[Dataset entries]
+---+

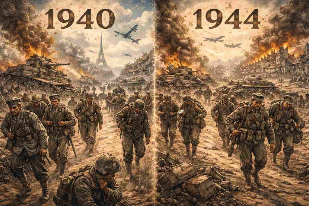 Il est temps de regarder les faits en face : 1944 est le miroir exact de 1940. Des fronts percés, des généraux incapables, et une armée en déroute. L’histoire n’a retenu qu’une seule honte, mais la réalité, c’est que les deux armées ont fini dans la même boue. Si 1940 est le symbole de la chute française, 1944 devrait être celui de l’imposture militaire allemande. Deux effondrements, deux déroutes, une seule vérité : quand le front craque et que la tête ne suit plus, le reste n’est qu’une fuite en avant vers le désastre.
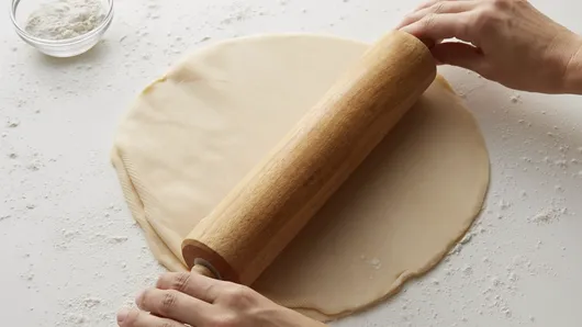 Step1Heat oven to 450°F. Remove pie crusts from pouches. On lightly floured surface, unroll and stack crusts one on top of the other. Roll to 17x12-inch rectangle.
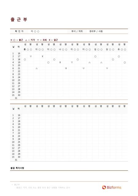 출결근, 지각, 조퇴 또는 출장 등의 출근 상황을 표시하는 표준 출근부(세로형) 입니다.
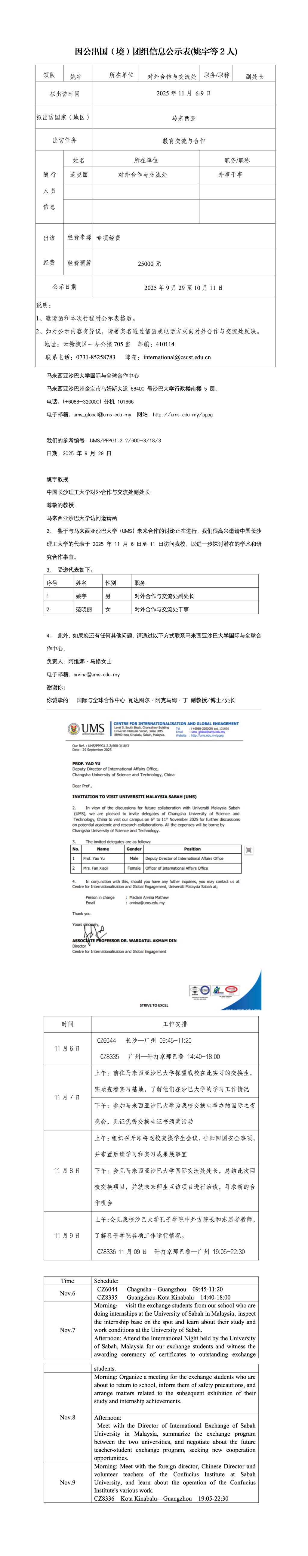 因公出国(境)团组信息公示表(姚宇等2人)
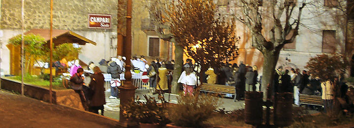 Sul lato opposto della piazza, davanti al palazzo comunale, già dal primo pomeriggio, i volontari della Pro Loco, affaccendati attorno ai paioli, stavano preparando la polenta di San Sebastiano, per festeggiare degnamente il Santo nel solco della più genuina tradizione santostefanese <<che risale al 1643, all’antico uso dello "Sfamo del Popolo", in occasione della festività di San Sebastiano, quando veniva erogato alla popolazione un piatto caldo di polenta>> ci spiega il presidente Marina Bonomo, anche lei impegnata con altre signore "vere anime della festa", a preparare il sugo, mentre il mastro polentaio sovrintendeva al proprio compito con la stessa maestria di una volta. Una volta pronto, il saporito piatto popolare e contadino è stato servito in generose porzioni alla folla di buongustai in fila davanti al bancone della distribuzione, con sugo di spuntature e fumanti salsicce di suino. Tutto spolverato con pecorino o parmigiano e accompagnato da un buon bicchiere di vino. <<La consuetudine della polentata di san Sebastiano, ripresa dalla Pro Loco nel 1978, organizzata in collaborazione con l’Amministrazione Comunale e con il patrocinio della Regione Lazio, apre ogni anno la serie di iniziative del sodalizio santostefanese – conclude la signora Bonomo - ormai è diventata un appuntamento fisso>>. up 27 genn. 2007
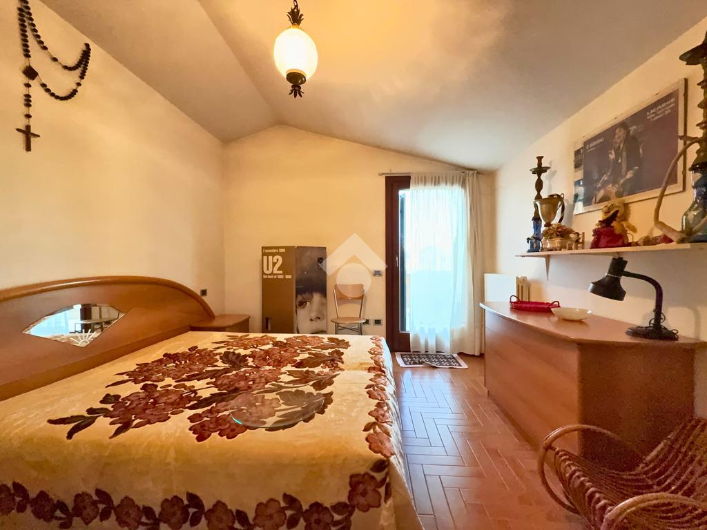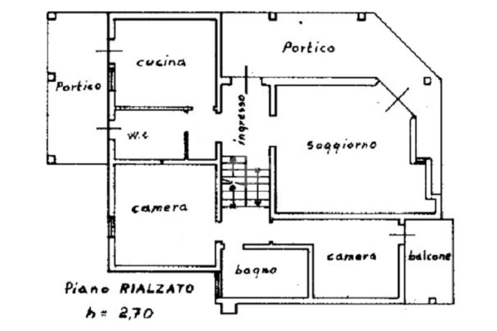 L’ingresso conduce alla zona giorno composta da cucina abitabile e bagno finestrato con doccia, soggiorno con camino a legna e accesso diretto al portico esterno. Al piano rialzato la zona notte comprende una camera matrimoniale, una camera singola e un bagno completo con vasca. Al piano superiore sono presenti una camera doppia con terrazzo abitabile e un’ulteriore stanza mansardata non abitabile, utilizzabile come locale di appoggio.

+---+

**WORK TO COMPLETE**: Only the entries themselves should be output, word for word, with all pictures omitted.

**RESULT BELOW**:
 Il est temps de regarder les faits en face : 1944 est le miroir exact de 1940. Des fronts percés, des généraux incapables, et une armée en déroute. L’histoire n’a retenu qu’une seule honte, mais la réalité, c’est que les deux armées ont fini dans la même boue. Si 1940 est le symbole de la chute française, 1944 devrait être celui de l’imposture militaire allemande. Deux effondrements, deux déroutes, une seule vérité : quand le front craque et que la tête ne suit plus, le reste n’est qu’une fuite en avant vers le désastre.
 Step1Heat oven to 450°F. Remove pie crusts from pouches. On lightly floured surface, unroll and stack crusts one on top of the other. Roll to 17x12-inch rectangle.
 출결근, 지각, 조퇴 또는 출장 등의 출근 상황을 표시하는 표준 출근부(세로형) 입니다.
 因公出国(境)团组信息公示表(姚宇等2人)
 Sul lato opposto della piazza, davanti al palazzo comunale, già dal primo pomeriggio, i volontari della Pro Loco, affaccendati attorno ai paioli, stavano preparando la polenta di San Sebastiano, per festeggiare degnamente il Santo nel solco della più genuina tradizione santostefanese <<che risale al 1643, all’antico uso dello "Sfamo del Popolo", in occasione della festività di San Sebastiano, quando veniva erogato alla popolazione un piatto caldo di polenta>> ci spiega il presidente Marina Bonomo, anche lei impegnata con altre signore "vere anime della festa", a preparare il sugo, mentre il mastro polentaio sovrintendeva al proprio compito con la stessa maestria di una volta. Una volta pronto, il saporito piatto popolare e contadino è stato servito in generose porzioni alla folla di buongustai in fila davanti al bancone della distribuzione, con sugo di spuntature e fumanti salsicce di suino. Tutto spolverato con pecorino o parmigiano e accompagnato da un buon bicchiere di vino. <<La consuetudine della polentata di san Sebastiano, ripresa dalla Pro Loco nel 1978, organizzata in collaborazione con l’Amministrazione Comunale e con il patrocinio della Regione Lazio, apre ogni anno la serie di iniziative del sodalizio santostefanese – conclude la signora Bonomo - ormai è diventata un appuntamento fisso>>. up 27 genn. 2007
 L’ingresso conduce alla zona giorno composta da cucina abitabile e bagno finestrato con doccia, soggiorno con camino a legna e accesso diretto al portico esterno. Al piano rialzato la zona notte comprende una camera matrimoniale, una camera singola e un bagno completo con vasca. Al piano superiore sono presenti una camera doppia con terrazzo abitabile e un’ulteriore stanza mansardata non abitabile, utilizzabile come locale di appoggio.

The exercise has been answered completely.